In some preferred embodiments, the articles of the present invention are manufactured boards formed from lignocellulosic material and the binder of the present invention. The artificial board according to the invention is to be understood in a broad sense, i.e. a board formed from any lignocellulosic material and the adhesive composition according to the invention. The artificial board of the present invention is not limited to those formed of only wood, but may include a board formed of bamboo, straw, and the like as described below. The artificial board of the present invention may be various types of artificial boards. In one embodiment, the manufactured board includes, but is not limited to, chipboard, plywood, fiberboard, density board, straw board, and finger board.

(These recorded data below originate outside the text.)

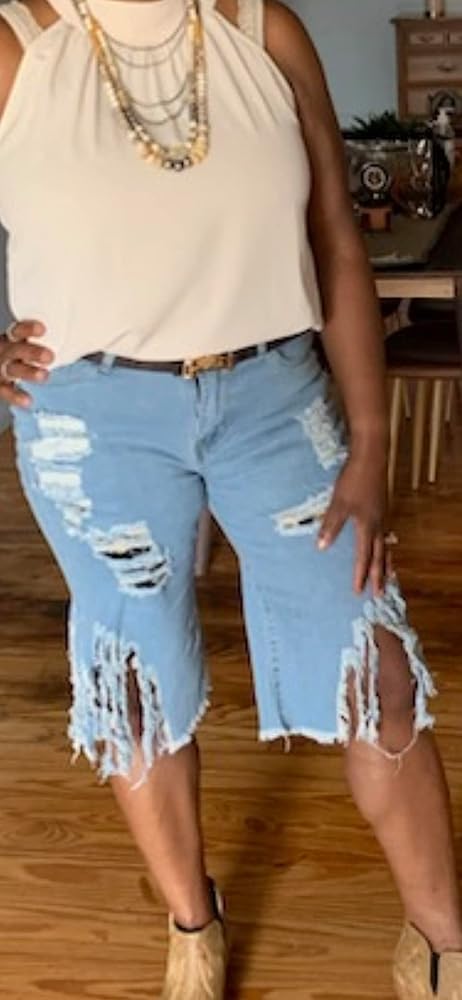 Features:High waited destroyed denim shorts for a curvier look. Zip closure in the material for a comfortable fit.It pushes up your curves, providing perfect body line.
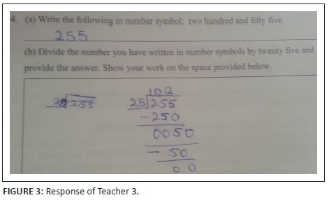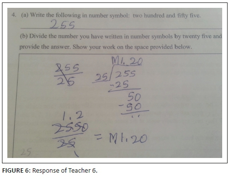 In a second question in this domain, teachers were asked to write a number word as a number symbol (255) and to then divide the number that they had written by 25. The overall results of this question revealed that 87% of teachers were able to cope with this question. However, 13% of teachers seemed to have different understandings and knowledge in this regard. Some teachers made the error of writing two zeros at the end of the number, which resulted in changing of the value of the number into 25 500. Another error was the inclusion of the decimal point between the number and the two zeros as the last digits of the number. Some included the letter M, which stands for the local currency (maloti), effectively resulting in an amount of money and not a number.
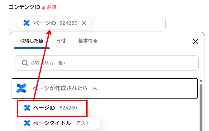 コンテンツIDは、Confluenceのトリガー設定で取得した値から「ページID」を選択しましょう。
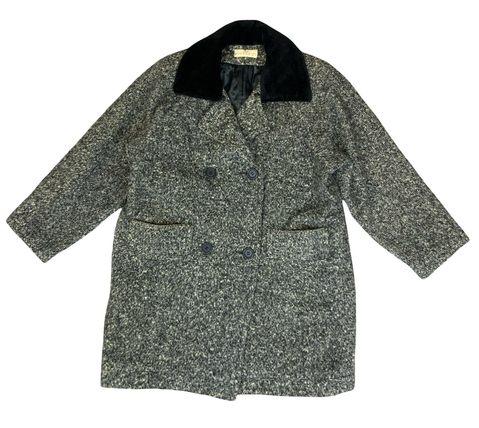 VTG 80s 90s 'GIVENCHY' GREY TWEED WOOL DETACHABLE COLLAR QUILT LINED COAT XXL
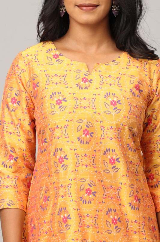 Mustard Slub Silk Floral Printed A-Line Kurti Set 2 Pcs
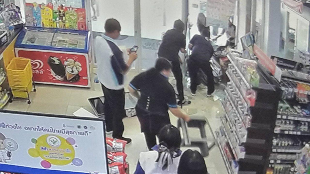 เบื้องต้น เจ้าหน้าที่ได้ตรวจสอบในที่เกิดเหตุ พร้อมตรวจสอบภาพจากกล้องวงจรปิด นำไปเป็นหลักฐาน ก่อนจะควบคุมตัวนายประจวบ ไปสอบสวนต่อที่ สภ.แหลมฉบัง ก่อนจะประสานญาติของนายประจวบ และผู้จัดการร้านสะดวกซื้อ ให้เข้ามาเจรจาค่าเสียหายกัน เพื่อสรุปกันต่อไป
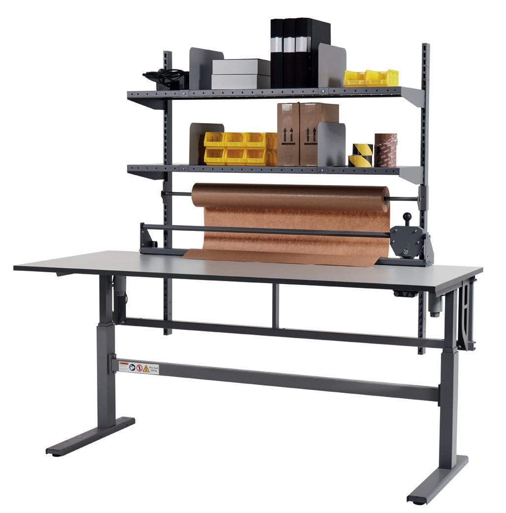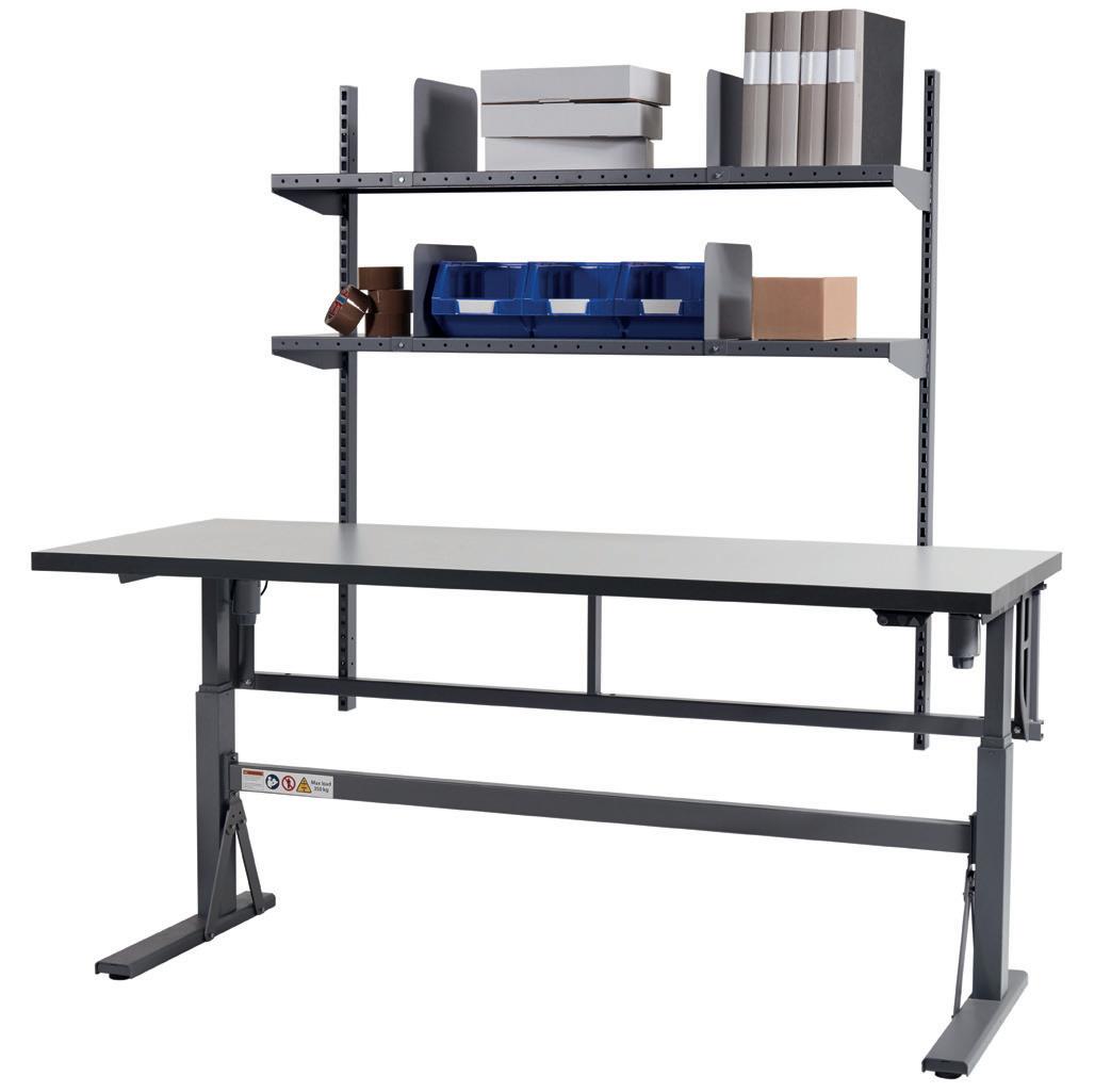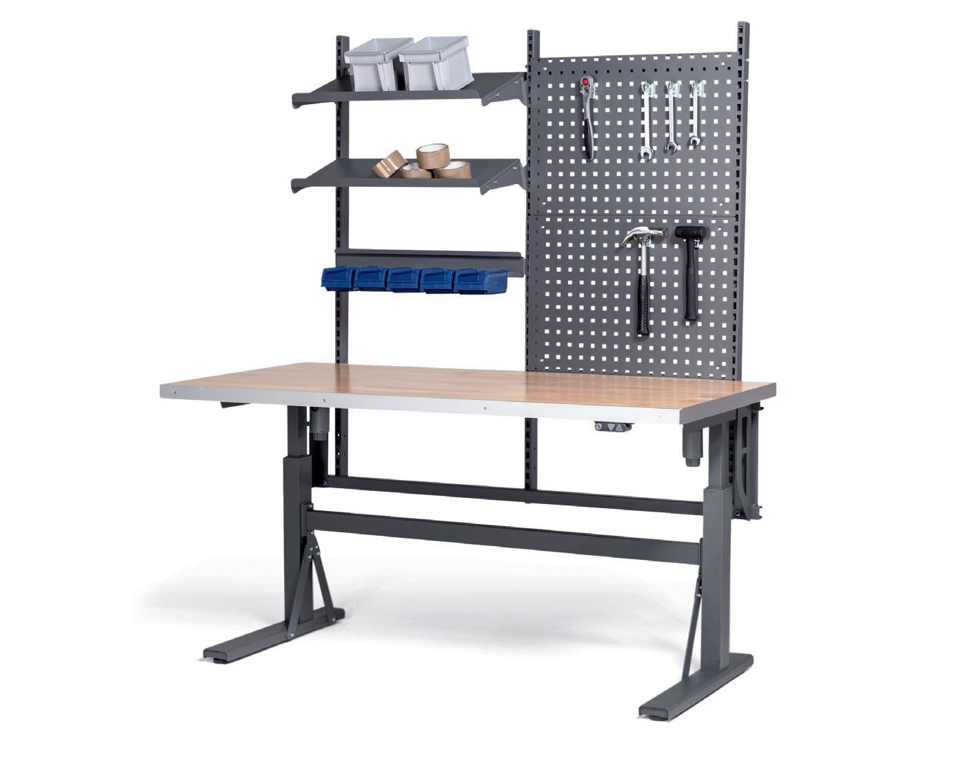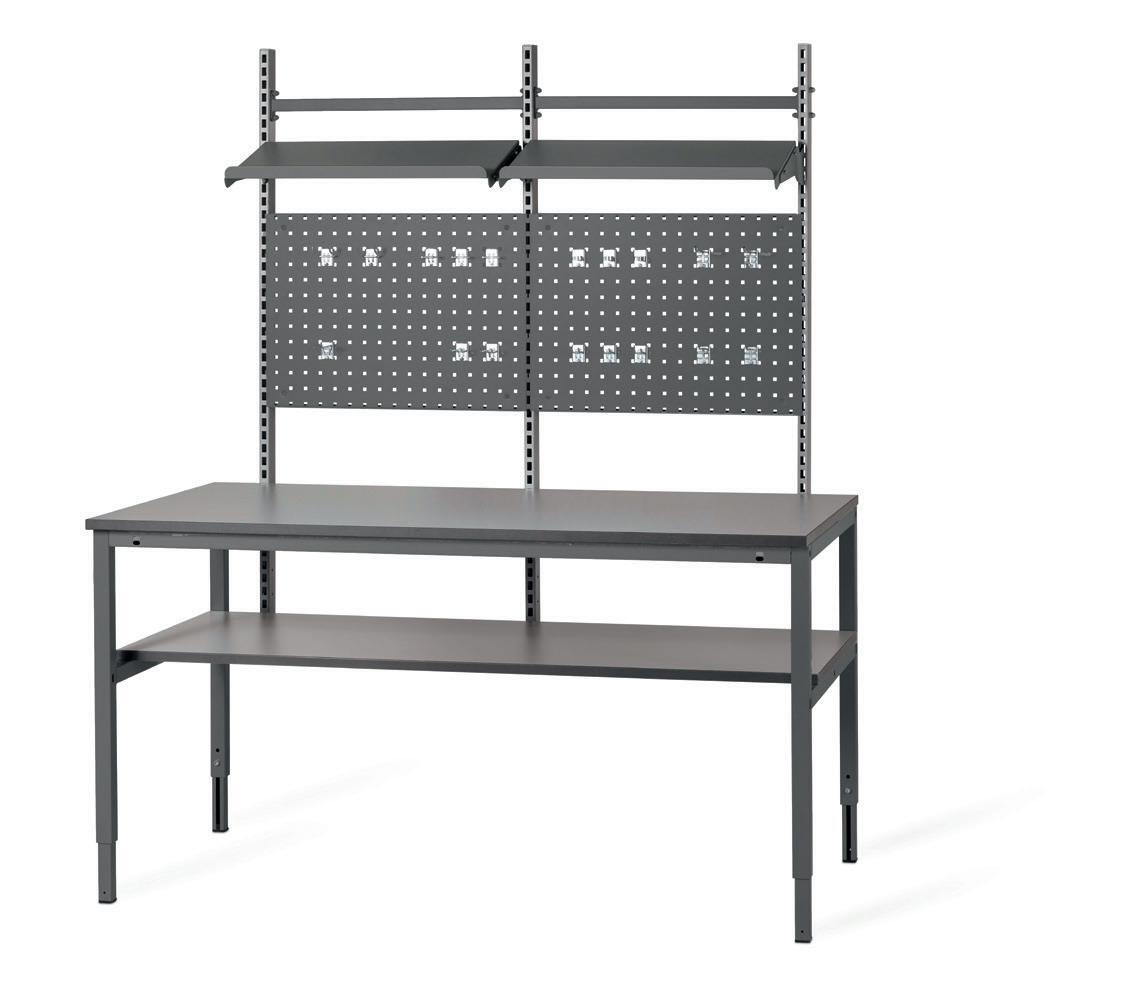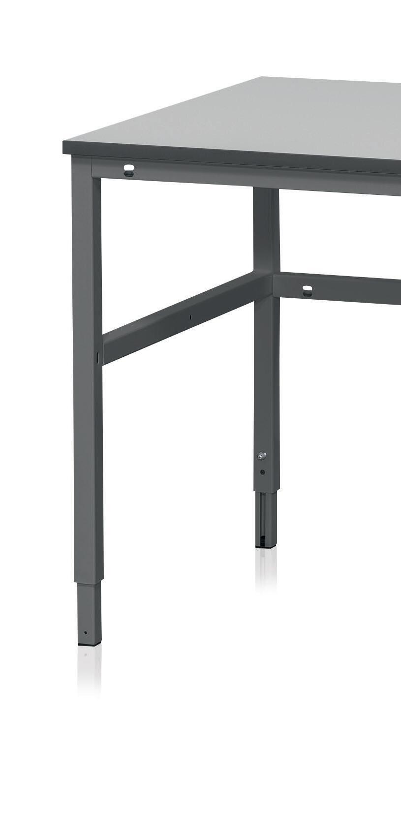 Robusta arbetsbord med justerbar arbetshöjd. Mycket stabil konstruktion med kraftiga profilrör, 40x40 mm, i grå pulverlack. Bordet är komplett med 3 tvärstag som förbinder H-stativen, ökar stabiliteten ännu mer. Bordsskivorna är 24 mm tjocka, i ljusgrå högtryckslaminat. Grafitgrå kantlister till alla bordsskivor. Underhylla för 800 mm djupa arbetsbord. Ljusgrå högtryckslaminat 24 mm tjock.

Lignocellulosic material can be in the form of sawdust, particles, wood chips, strands, flakes, fibers, sheets, wood chips, shavings, particles, and the like, as well as combinations of such materials, such as a combination of strands and sawdust.

Lignocellulosic materials can be processed by a variety of conventional techniques. Large timber can be processed into wood chips in a log flaker. The large pieces of timber and scraps can also be cut into crushed aggregates. The large timber can be sliced in an annular flaker. The large timber is typically peeled prior to flaking.

The artificial board of the present invention may be generally obtained by various methods known in the art. In some specific embodiments, the artificial board of the invention may be prepared by a process comprising pressing a mixture of lignocellulosic material and the binder composition of the invention at a temperature of 105-300 ℃ and at a pressure of 0.4-10 MPa, preferably for 2-60 minutes, more preferably for 3-30 minutes, for example 5-30 minutes. In some preferred embodiments, the pressing is performed at a temperature of 120 to 220 ℃ and/or at a pressure of 1 to 6 MPa.

The mixture of lignocellulosic material and the binder of the invention for compression may be prepared by mixing lignocellulosic material with the binder of the invention.

In addition, in other preferred embodiments of the invention, the binder of the invention fills the interstices between the lignocellulosic materials, preferably at room temperature, i.e. cold press bonding. The method comprises pressing a mixture of lignocellulosic material and the binder composition of the invention at a temperature of 20-70 ℃ and at a pressure of 0.4-10 MPa, preferably for 60-600 minutes, more preferably for 180-300 minutes, e.g. 200-300 minutes.

Finally, the invention also relates to a method for preparing paper products, the operating steps comprise paper dipping, pre-curing and hot pressing steps.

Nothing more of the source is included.